Aviva Investors to gate open-ended RE fund until 2017

The global asset management platform of UK insurer Aviva has become the first of the seven firms which suspended trading on their open-ended retail funds following Brexit to enforce a longer term measure.

Aviva Investors, the asset management business of UK insurer Aviva, has told investors they are likely to be locked into the firm’s £1.6 billion open-ended retail fund for between six months and eight months.

In early July, Aviva Investors became the second company, after Standard Life Investments, to suspend trading in a UK property fund following a rush of redemptions from rattled investors in the wake of the UK’s decision to leave the European Union.

Over the next week, five more firms including Aberdeen Asset Management, M&G Investments, Henderson Global Investors, Columbia Threadneedle and Canada Life, followed suit meaning around 60 percent of the UK commercial property market held in such vehicles was under lock and key.

But after today’s announcement, which came in the form of a note to investors, Aviva Investors is the first of the affected firms to confirm that the decision to gate the fund was not a short-term reactionary measure.

Aberdeen lifted the trading suspension within a week of the gating, but the rest of the affected firms are yet to state how long the measures will remain in place.

In the note sent to clients yesterday, Aviva said its Property Trust fund was likely to continue to stop investors from withdrawing their money until at least the first quarter of next year while its managers attempt to sell commercial properties held by the fund.

Aviva said in the statement: “In order to lift the suspension we need to ensure that we can meet any requests to sell, buy, switch or transfer units which have been held by us during the suspension period. We are committed to ensuring the Trust has a sustainable liquidity position before we allow dealing to resume in order to protect the interests of all investors. Property sales may be more difficult to execute in the current environment due to market uncertainty.”

Laith Khalaf, senior analyst at Bristol-based financial services company Hargreaves Lansdown, said the move was a “big blow” to investors in the Aviva fund.

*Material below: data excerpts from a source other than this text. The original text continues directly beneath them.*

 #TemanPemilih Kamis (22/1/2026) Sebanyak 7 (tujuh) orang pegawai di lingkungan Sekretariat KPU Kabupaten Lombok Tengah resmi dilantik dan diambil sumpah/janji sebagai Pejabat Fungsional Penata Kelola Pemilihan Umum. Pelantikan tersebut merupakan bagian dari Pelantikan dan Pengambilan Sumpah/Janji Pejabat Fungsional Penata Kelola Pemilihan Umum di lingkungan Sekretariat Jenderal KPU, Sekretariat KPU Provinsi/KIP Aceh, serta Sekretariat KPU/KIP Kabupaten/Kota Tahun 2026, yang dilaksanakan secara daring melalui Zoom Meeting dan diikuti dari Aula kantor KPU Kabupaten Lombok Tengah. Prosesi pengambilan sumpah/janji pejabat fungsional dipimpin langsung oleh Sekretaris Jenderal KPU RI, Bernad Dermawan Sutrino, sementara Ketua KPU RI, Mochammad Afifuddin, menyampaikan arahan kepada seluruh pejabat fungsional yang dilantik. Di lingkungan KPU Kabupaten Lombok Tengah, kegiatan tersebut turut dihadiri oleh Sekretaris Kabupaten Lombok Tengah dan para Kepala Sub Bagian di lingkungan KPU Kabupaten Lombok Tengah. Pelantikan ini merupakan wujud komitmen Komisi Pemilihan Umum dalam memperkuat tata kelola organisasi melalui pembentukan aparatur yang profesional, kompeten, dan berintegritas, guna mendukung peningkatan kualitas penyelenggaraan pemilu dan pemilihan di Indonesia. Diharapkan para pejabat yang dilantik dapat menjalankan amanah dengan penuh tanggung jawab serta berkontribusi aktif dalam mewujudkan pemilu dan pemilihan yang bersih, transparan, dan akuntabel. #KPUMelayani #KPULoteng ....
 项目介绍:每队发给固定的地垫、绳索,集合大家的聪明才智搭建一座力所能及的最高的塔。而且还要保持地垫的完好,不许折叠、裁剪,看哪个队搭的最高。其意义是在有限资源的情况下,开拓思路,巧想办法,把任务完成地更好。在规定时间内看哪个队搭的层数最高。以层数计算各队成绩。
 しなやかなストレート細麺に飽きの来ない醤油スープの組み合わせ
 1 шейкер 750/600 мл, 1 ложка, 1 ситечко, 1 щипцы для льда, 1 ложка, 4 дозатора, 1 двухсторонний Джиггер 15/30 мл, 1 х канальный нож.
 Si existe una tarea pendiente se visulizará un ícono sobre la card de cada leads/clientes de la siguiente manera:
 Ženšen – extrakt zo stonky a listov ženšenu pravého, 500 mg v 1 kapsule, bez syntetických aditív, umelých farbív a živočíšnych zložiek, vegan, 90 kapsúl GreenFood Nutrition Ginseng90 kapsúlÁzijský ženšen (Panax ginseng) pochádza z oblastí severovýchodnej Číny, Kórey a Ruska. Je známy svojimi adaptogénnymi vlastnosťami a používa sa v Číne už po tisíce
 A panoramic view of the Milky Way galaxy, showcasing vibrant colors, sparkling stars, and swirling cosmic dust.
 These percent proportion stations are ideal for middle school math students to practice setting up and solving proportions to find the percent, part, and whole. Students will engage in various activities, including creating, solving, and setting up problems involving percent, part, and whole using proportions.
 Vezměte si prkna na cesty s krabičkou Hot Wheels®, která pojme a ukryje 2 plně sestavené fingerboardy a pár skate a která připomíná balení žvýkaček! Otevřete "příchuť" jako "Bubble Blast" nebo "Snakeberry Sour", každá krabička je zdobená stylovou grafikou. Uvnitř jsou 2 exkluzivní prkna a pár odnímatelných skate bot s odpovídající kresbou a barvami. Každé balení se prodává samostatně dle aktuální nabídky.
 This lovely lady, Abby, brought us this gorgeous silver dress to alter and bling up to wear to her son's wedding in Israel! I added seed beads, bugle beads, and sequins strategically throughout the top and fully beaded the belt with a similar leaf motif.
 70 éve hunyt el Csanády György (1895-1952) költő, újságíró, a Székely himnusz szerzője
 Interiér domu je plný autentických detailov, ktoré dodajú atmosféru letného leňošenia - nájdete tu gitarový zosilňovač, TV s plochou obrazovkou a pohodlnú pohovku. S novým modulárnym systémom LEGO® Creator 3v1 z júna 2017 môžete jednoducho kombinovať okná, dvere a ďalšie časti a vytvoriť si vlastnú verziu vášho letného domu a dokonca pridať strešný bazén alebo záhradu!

“The investors are basically now being told they won’t be able to get their money out any time in 2016. The wider question is whether this timeframe applies across the rest of the sector, and property fund investors would no doubt welcome similar guidance from other suspended funds as to when they might open again,” he said. “Once again this highlights the problems of investing in an illiquid asset class via an open-ended fund which offers liquidity on a daily basis, until it’s forced to shut up shop. Being unable to trade in your fund for the best part of a year is more than a minor inconvenience,” Khalaf added.